Nigeria, Yoruba Indigo / Gasali Adeyemo, Indigo Dyeing
Gasali Adeyemo, raised in the small village of Ofatedo in Nigeria, loved art and textiles from a young age. His mother, his first and most important teacher, taught him the traditional technique of Adire Eleko, the oldest resist technique in Nigerian culture. Adire Eleko is the process of creating designs using cassava paste (also called yucca), a small broom, and a chicken feather. There are two techniques in Adire, the first is to use a stencil, and the second is to create the patterns by hand. After the pattern is created the piece is dyed and then the cassava is scraped off with a small knife. As well as Adire, Adeyemo creates textiles using two other traditional Yoruba techniques: Batik and Tie-dye. Batik is the process of creating designs using wax. The wax can be applied to the fabric using wood stamps, stencils, or foam rubber. After creating the design on the fabric, the piece is dyed and the wax removed. Tie-Dye is the process of using raffia to tie fabric and then dying the fabric.

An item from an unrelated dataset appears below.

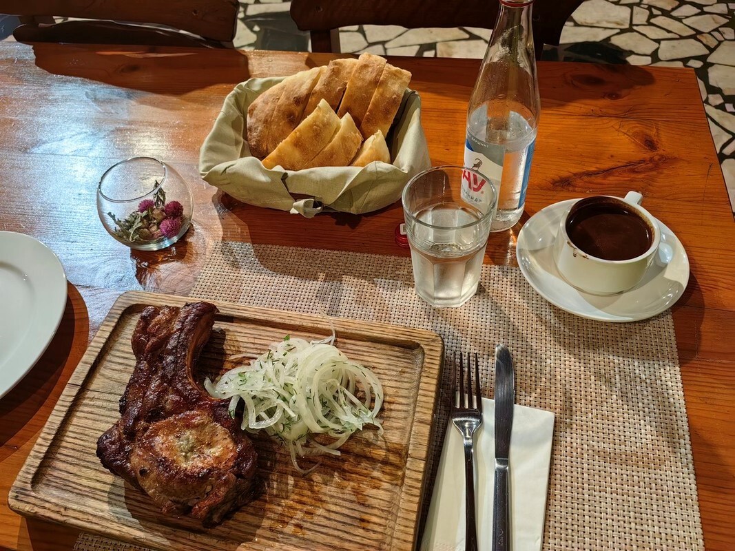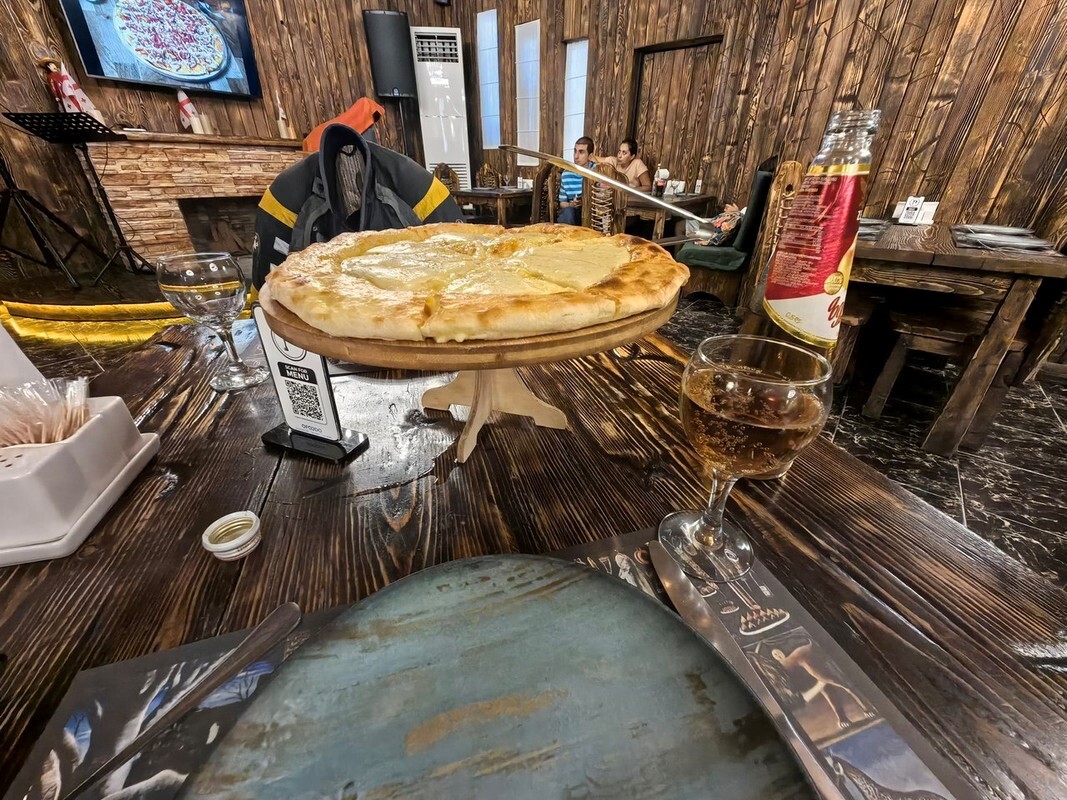 Погулял, посмотрел красоты и двинулся дальше. Арку «Дружба народов» проехал мимо, слишком много людей, ларьков со всякими чачами/мёдами. Не люблю такие места. За посёлком Квемо Млета есть хороший ресторанчик Млета (42.427040, 44.515818), где прекрасно пообедал хинкалями.

Each of the designs Adeyemo uses in his fiber art were passed down through the generations, they each have specific meanings. Depending on which technique he is doing, different designs are used. The design he use are a way to preserve snapshots of daily life, they show what he sees and does in his village. They can also be used to identify the community as Yoruba when they are traveling, the clothing they wear is like an identification card letting people know where they are from. One example of a design is called Ore Merin which means Four Friends. This design represents unity and is often given as a gift for celebrations. Most of the materials Adeyemo uses grow around his village. Cotton is grown near his village and made into the fabric that he uses for his work. The indigo plant grows wild in Nigeria, but only during the rainy season so they have to pick as much as possible while it is growing and then store it so that they can have indigo year round.